UK EMIR: trade association letter on use of EEA UCITS as collateral

The International Swap and Derivatives Association (ISDA), the Alternative Investment Management Association (AIMA), the Investment Company Institute (ICI), the Institutional Money Market Funds Association (IMMFA) and the Securities Industry and Financial Markets Association Asset Management Group (SIFMA AMG) have written a joint letter sent to the BoE, HM Treasury and the FCA. Explaining their reasons, in the letter, the associations urge the Prudential Regulation Authority (PRA) to permit use of EEA UCITS for initial margin (IM) purposes in the UK Uncleared Margin Requirements (UMR) Binding Technical Standards (the UK onshored version of Commission Delegated Regulation (EU) 2016/2251) once the current “standstill” comes to an end on 31 March 2022.

MiFID: European Commission adopts Delegated Regulation correcting MiFID Delegated Regulation (EU) 2017/565

The European Commission has adopted a Delegated Regulation (Amending Delegated Regulation) and Annex correcting Delegated Regulation (EU) 2017/565 which supplements the Markets in Financial Instruments Directive (MiFID) (the EU MiFID Org Regulation).

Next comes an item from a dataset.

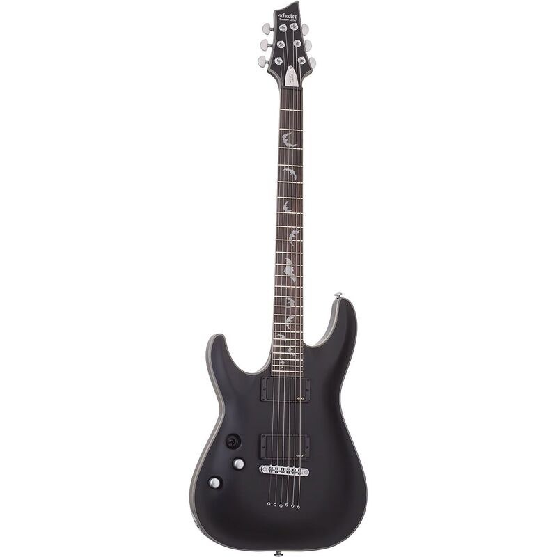 Schecter Damien Platinum-6 LH Satin Black – venstrehendt metalgitar med EMG-pickuper

To fully comply with MiFID, the Amending Delegated Regulation will make the following amendments to the EU MiFID Org Regulation:

  • correct Article 1, paragraph 1 to clarify that it requires the application of Article 64(4), Article 65 and Chapter VIII of the EU MiFID Org Regulation instead of Article 59(4), Article 60 and Chapter IV; and
  • correct errors that appeared in several cross-references in Annex I to the EU MiFID Org Regulation relating to client assessment, order handling, client order and transactions, reporting to clients, communication with clients and organisational requirements.

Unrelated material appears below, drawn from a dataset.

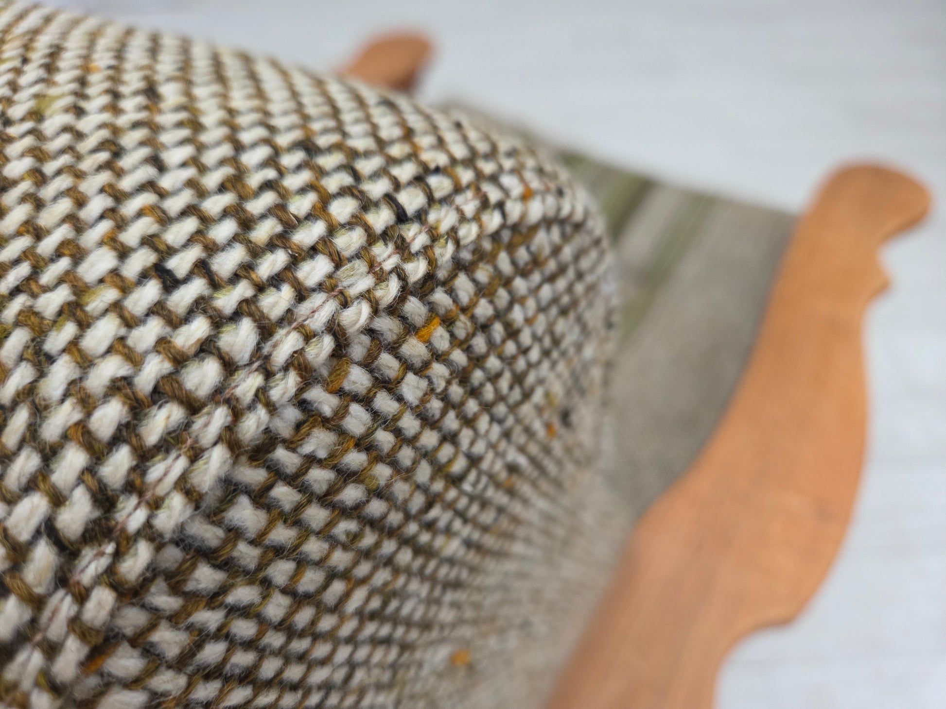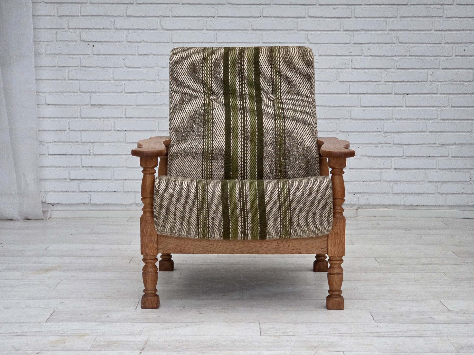 1970s, Danish armchair, original furniture wool fabric, solid oak wood.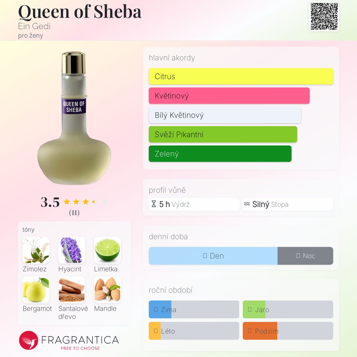 Queen of Sheba podle Ein Gedi je vůně pro ženy. Vrchní tóny jsou Limetka, Bergamot, Neroli a Fialkový list; střední tóny jsouZimolez, Hyacint, Fialka a Růže ; základní tóny jsou Santalové dřevo, Mandle, Pižmo a Dubový mech.

The next step is for the Council of the EU and the European Parliament to consider the draft Amending Delegated Regulation. If neither the Council or the Parliament object, it will be published in the Official Journal of the European Union and will enter into force on the twentieth day following that of its publication.

EMIR and SFTR: ESMA reports on quality of data published

The European Securities and Markets Authority (ESMA) has published its first annual data quality report highlighting its supervisory activities relating to the quality of data reported to trade repositories under the European Market Infrastructure Regulation (EMIR) and the Regulation on reporting and transparency of securities financing transactions (SFTR). The report aims to provide an overview of the state of play under the two reporting regimes and provide information on national competent authorities’ and ESMA’s ongoing work to improve the quality of the data.

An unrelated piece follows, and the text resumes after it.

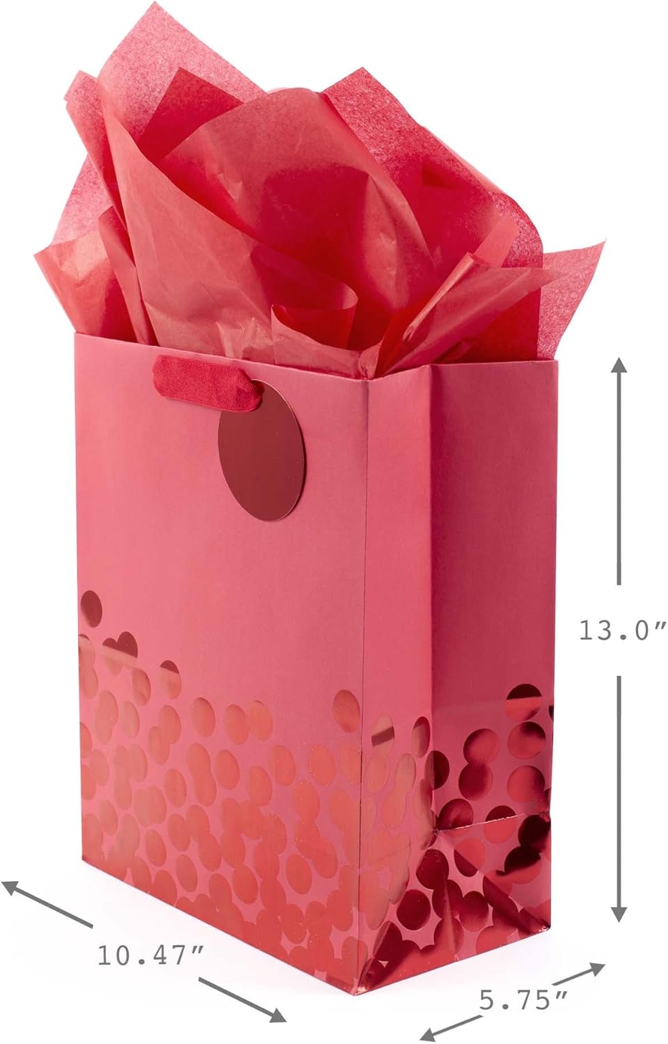 Hallmark 13" Large Gift Bag with Tissue Paper (Red Foil Dots) for Christmas, Father's Day, Birthdays, Graduations, Valentines Day, Sweetest Day or Any Occasion

LIBOR transition: FMSB case studies for conduct risk in back book transition

The Fixed Income, Currencies and Commodities (FICC) Markets Standards Board (FMSB) has published a Spotlight Review on “LIBOR transition – Case studies for navigating conduct risks in back book transition“.

The FMSB notes that this Spotlight Review builds on, and should be read in conjunction with, its first series of “LIBOR transition – Case studies for navigating conduct risks“, published in June 2020, which focused on moving new business off LIBOR. The latest paper examines certain risks to market fairness and effectiveness that might arise when transitioning existing LIBOR-based contracts with maturities extending beyond end-2021 to alternative risk-free rates. The FMSB states that it will be of interest to market participants across the sell-side, buy-side and corporates, and could be used to help inform the identification and management of certain LIBOR transition-related risks.